It seems that they recreated a Service Mesh. Running Istio or Consul Connect takes care or the vast majority of issues listed in this post: Encryption, Identity, access control. And even trasparently for the developpers (no modification of the code...)
Isn't Istio implemented mostly as a sidecar container(Envoy Proxy) though? The article mentions they are running containers via their Tupperware orchestrator. If they are largely running containerized where is the scaling issue with adding sidecars to implement the service mesh? I don't have any experience with Istio but I'm genuinely curious along which axis it(or Connect, Linkerd etc) doesn't scale.
Envoy is so slow that deployment at this scale would be too costly, or if you could afford it would immediately present itself as a huge opportunity for cost reduction. People who are measuring their tail latency in microseconds aren't going to tolerate Envoy's marginal latency, which will be milliseconds even at the median.

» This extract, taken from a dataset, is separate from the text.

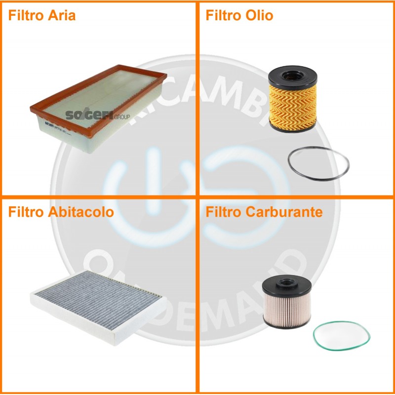 | Composizione | Filtro olio, Filtro abitacolo ai carboni attivi, Filtro aria, Filtro gasolio |
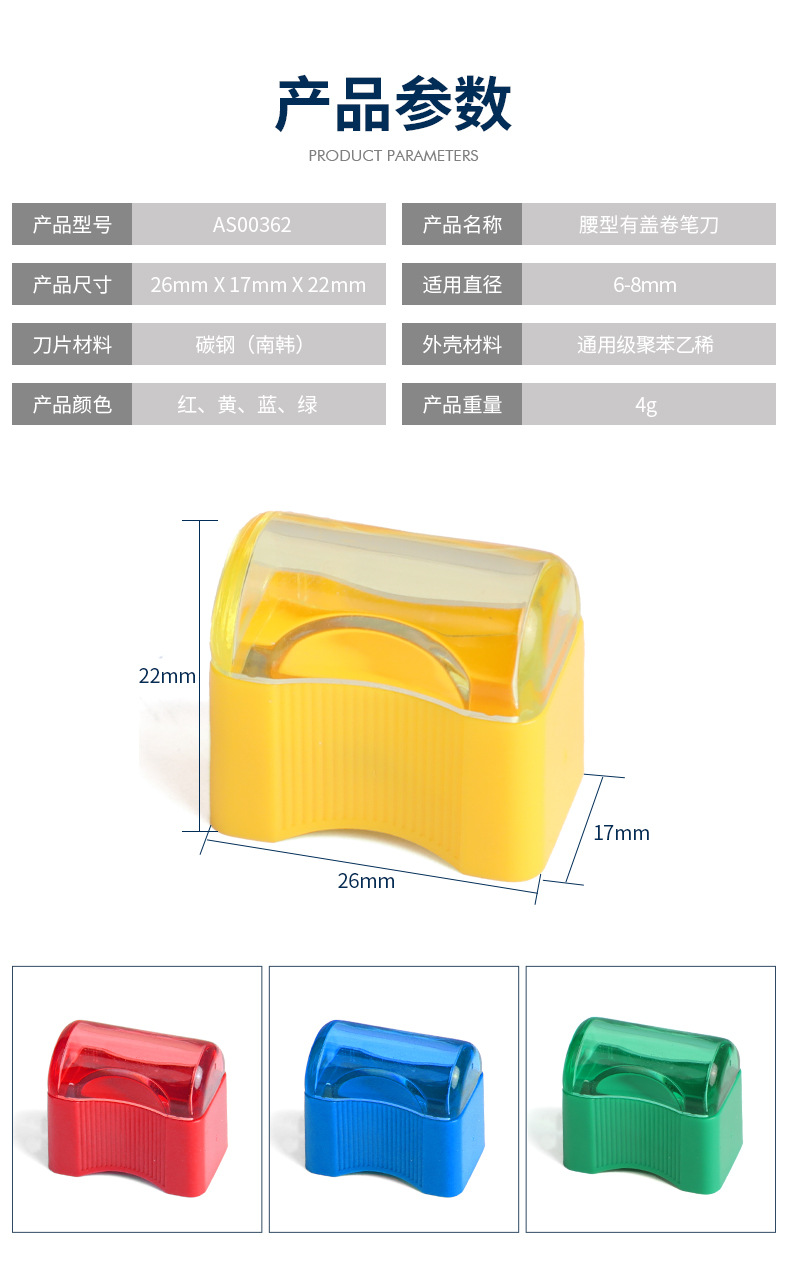 跨境供应简约聚苯乙烯外壳铅笔刀 腰型单孔卷笔刨 学生用品卷笔刀...

Indeed, Istio is very CPU heavy and probably not great for cloud use on a truly large scale just due to cost concerns. Shopify found it uses 50% more CPU then an alternative like Linkerd [1]. Istio also incurs much larger latency and lower throughput then Linkerd [2]. (To be clear, I don't have a dog in this Istio vs Linkerd fight, those are just some recent benchmarks I'm aware of)
Interesting, I wasn't aware that Istio has such performance issues. Isn't Google using this though as well or at least an internal version of it? Surely they are on the same scale as FB.
I'm curious at to what the cause of the latency is. TLS handshakes?